DATA PROVIDED START

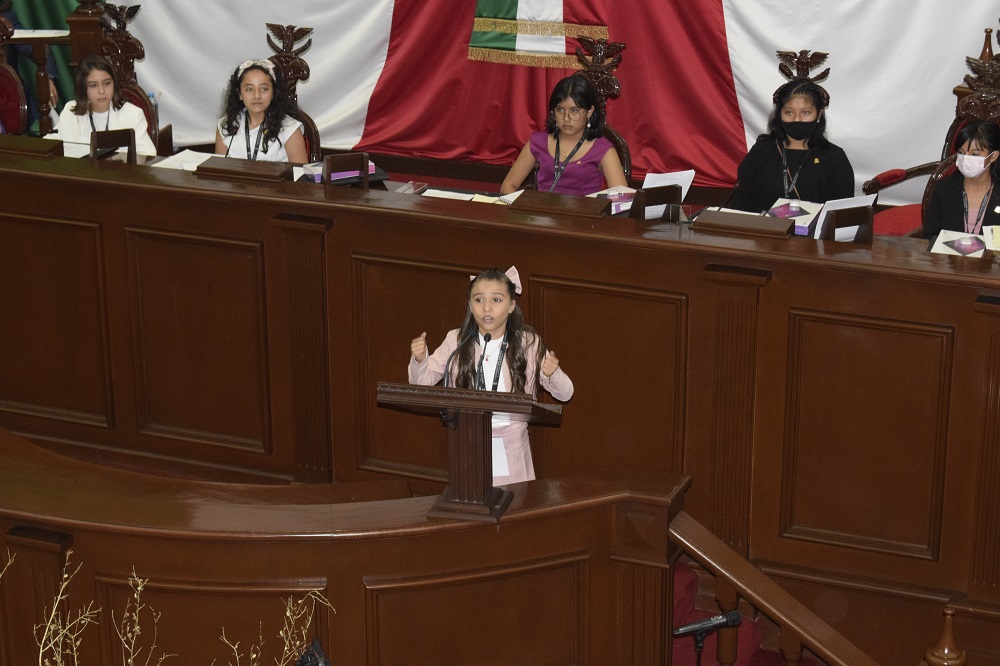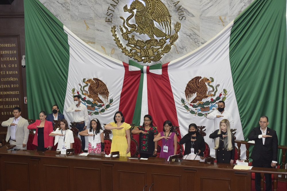 En sesión a la que asistieron representantes de los 3 poderes del estado así como la banda de guerra y escolta de la XXI Zona Militar, el Congreso del Estado instaló formalmente el Parlamento Infantil 2022, en el que participan 44 niños y niñas de diversos municipios michoacanos, quienes rindieron protesta estatutaria para enseguida llevar a cabo la primera sesión de trabajo, donde los niños diputados abordaron la máxima tribuna del estado para delinear algunos de los temas que se estarán debatiendo en este mini parlamento, uno de los más sentidos y dolorosos es el de los feminicidios.
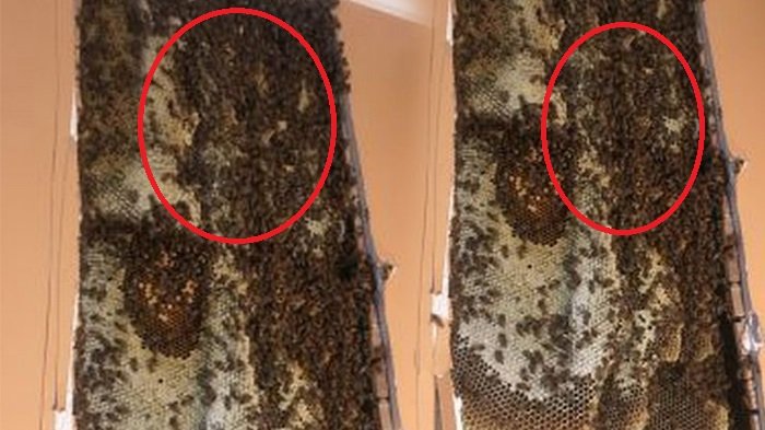 Ketika membuka dinding tersebut, Hegedus terkejut menemukan ribuan lebah sedang bersembunyi di balik dinding itu.
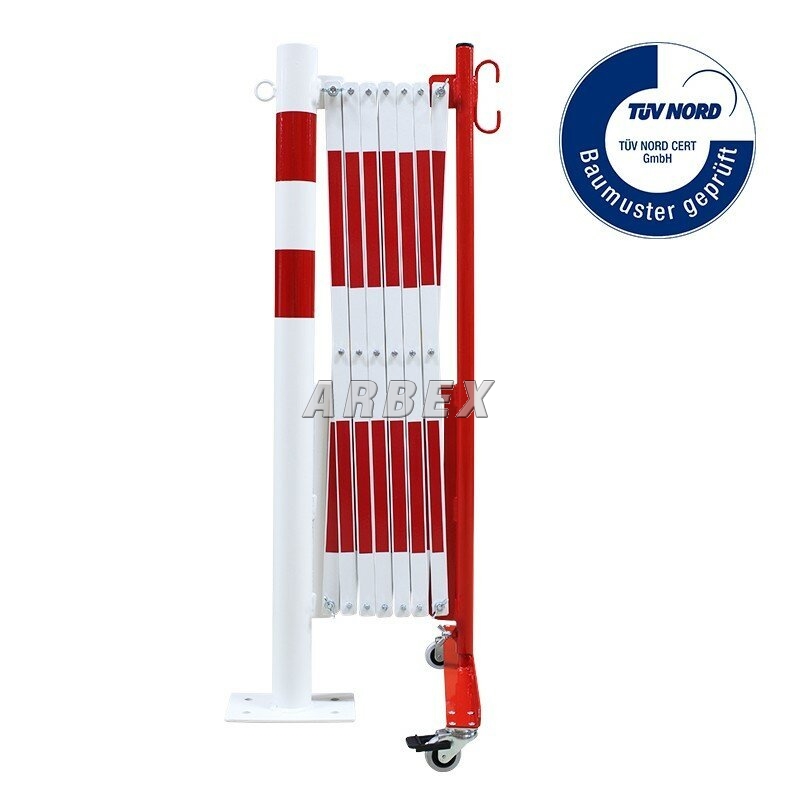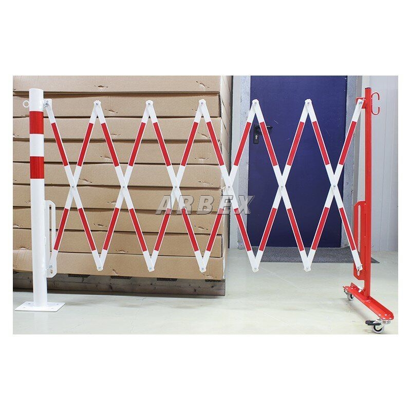 Bílo-červená bariéra se sloupkem. Vyrobena z vysoce kvalitní oceli. Skládací zábrana je vybavena pojízdným sloupkem s kolečky. V nabídce jsou bíle a červeně lakované ocelové zábrany (označené z obou stran reflexní fólií) nebo žluté a černé.
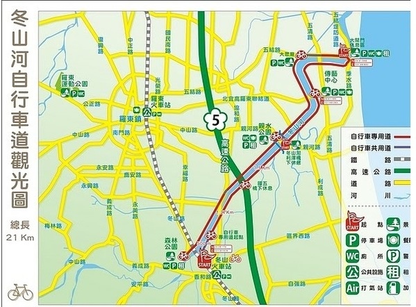 我們從利澤簡橋騎到臨海邊的五結閘門再由對岸騎經親水公園到冬山車站折返。
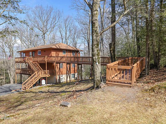 Step inside this updated lake house and enjoy seasonal lake views of Lake Wallenpaupack. This home offers a unique blend of rustic charm and contemporary convenience. Nestled among the trees, it exudes the cozy atmosphere of a secluded treehouse retreat. As you move through the home, large windows frame seasonal views of Lake Wallenpaupack, inviting the beauty of nature to permeate your living space. Enjoying a morning cup of coffee or unwind after a long day, on the wrap around deck amidst the trees. Inside, the kitchen and bathrooms have been tastefully updated to offer both style and functionality, ensuring your comfort and enjoyment. From sleek countertops to modern appliances, every detail has been thoughtfully chosen. Additionally, energy-efficient heat pumps have been installed, providing you with both comfort and cost savings throughout the year. Whether you're cozying up by the fireplace in the winter or enjoying the cool breeze in the summer, you can rest assured knowing that your home is equipped to keep you comfortable in any season. Welcome home to your own idyllic lake house retreat in Tanglwood Lakes.

DATA PROVIDED END

-- WHAT YOU NEED TO DO --
Without the pictures, repeat the entries above line by line, from the first through the one that contains "Ketika membuka dinding", both ends included.

-- WRITTEN RESPONSE --
 En sesión a la que asistieron representantes de los 3 poderes del estado así como la banda de guerra y escolta de la XXI Zona Militar, el Congreso del Estado instaló formalmente el Parlamento Infantil 2022, en el que participan 44 niños y niñas de diversos municipios michoacanos, quienes rindieron protesta estatutaria para enseguida llevar a cabo la primera sesión de trabajo, donde los niños diputados abordaron la máxima tribuna del estado para delinear algunos de los temas que se estarán debatiendo en este mini parlamento, uno de los más sentidos y dolorosos es el de los feminicidios.
 Ketika membuka dinding tersebut, Hegedus terkejut menemukan ribuan lebah sedang bersembunyi di balik dinding itu.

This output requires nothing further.